À partir de là, je me suis mise à trouver mon geste moins banal. Je n’avais pas le goût de reculer, j’étais juste un peu plus inquiète. Après un an de tests qui ont permis de confirmer que j’étais en assez bonne santé, nous nous sommes fait opérer. Est-ce que ça fait mal ? Oh que oui !!! Accoucher fait mal aussi, mais ça vaut la peine parce qu’on donne la vie.

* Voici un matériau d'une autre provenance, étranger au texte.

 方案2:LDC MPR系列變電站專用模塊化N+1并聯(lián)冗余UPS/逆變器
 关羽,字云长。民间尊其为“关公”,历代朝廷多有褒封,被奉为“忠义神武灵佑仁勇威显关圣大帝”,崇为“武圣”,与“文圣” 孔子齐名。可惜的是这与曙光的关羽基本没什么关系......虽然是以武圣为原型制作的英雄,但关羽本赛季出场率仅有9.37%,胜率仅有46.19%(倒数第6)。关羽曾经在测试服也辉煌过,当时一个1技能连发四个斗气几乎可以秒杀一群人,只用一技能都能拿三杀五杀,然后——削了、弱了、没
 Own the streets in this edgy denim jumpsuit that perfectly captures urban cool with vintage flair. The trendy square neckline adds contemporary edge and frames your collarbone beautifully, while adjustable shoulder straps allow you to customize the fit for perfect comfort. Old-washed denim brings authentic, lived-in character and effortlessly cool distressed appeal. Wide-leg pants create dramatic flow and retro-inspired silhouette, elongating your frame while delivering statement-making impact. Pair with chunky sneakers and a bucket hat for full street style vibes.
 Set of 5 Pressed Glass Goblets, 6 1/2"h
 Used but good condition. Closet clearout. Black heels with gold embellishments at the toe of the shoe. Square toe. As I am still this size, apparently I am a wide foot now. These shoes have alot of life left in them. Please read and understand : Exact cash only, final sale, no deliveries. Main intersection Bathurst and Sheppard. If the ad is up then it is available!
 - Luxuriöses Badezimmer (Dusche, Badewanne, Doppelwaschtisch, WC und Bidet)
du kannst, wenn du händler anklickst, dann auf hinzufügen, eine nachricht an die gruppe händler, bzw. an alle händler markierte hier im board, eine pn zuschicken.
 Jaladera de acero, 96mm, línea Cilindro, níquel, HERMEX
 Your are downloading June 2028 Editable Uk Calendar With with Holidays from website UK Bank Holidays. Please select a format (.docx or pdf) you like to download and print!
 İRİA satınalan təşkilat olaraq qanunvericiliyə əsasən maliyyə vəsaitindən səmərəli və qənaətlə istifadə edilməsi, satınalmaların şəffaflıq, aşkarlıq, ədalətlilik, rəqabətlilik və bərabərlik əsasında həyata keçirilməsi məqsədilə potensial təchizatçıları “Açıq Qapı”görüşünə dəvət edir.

Nous nous portons très bien tous les deux et j’ai compris que l’inquiétude, l’incompréhension et la maladresse des gens face à ce geste d’amour, de générosité et d’humanité, n’étaient en fait que de l’amour à mon égard.

Qu’est-ce que l’amour ?
Un tourbillon de rêves au pays des merveilles,
qui s’échappe, s’enfuit au lever du soleil ?
Un monde un peu fou fait de poésie, 
où pour un rien, on se donne pour la vie ?
Le bonheur d’accueillir tendrement un enfant,
nous permettant de vivre un amour plus que grand ?
La rencontre, le réconfort, la solidarité des amis,
enveloppant, allégeant nos soucis, notre ennui ?
Peut-être de tendre la main à son prochain, 
jusqu’à la force de lui donner un rein.
L’amour c’est tout ça et plus encore.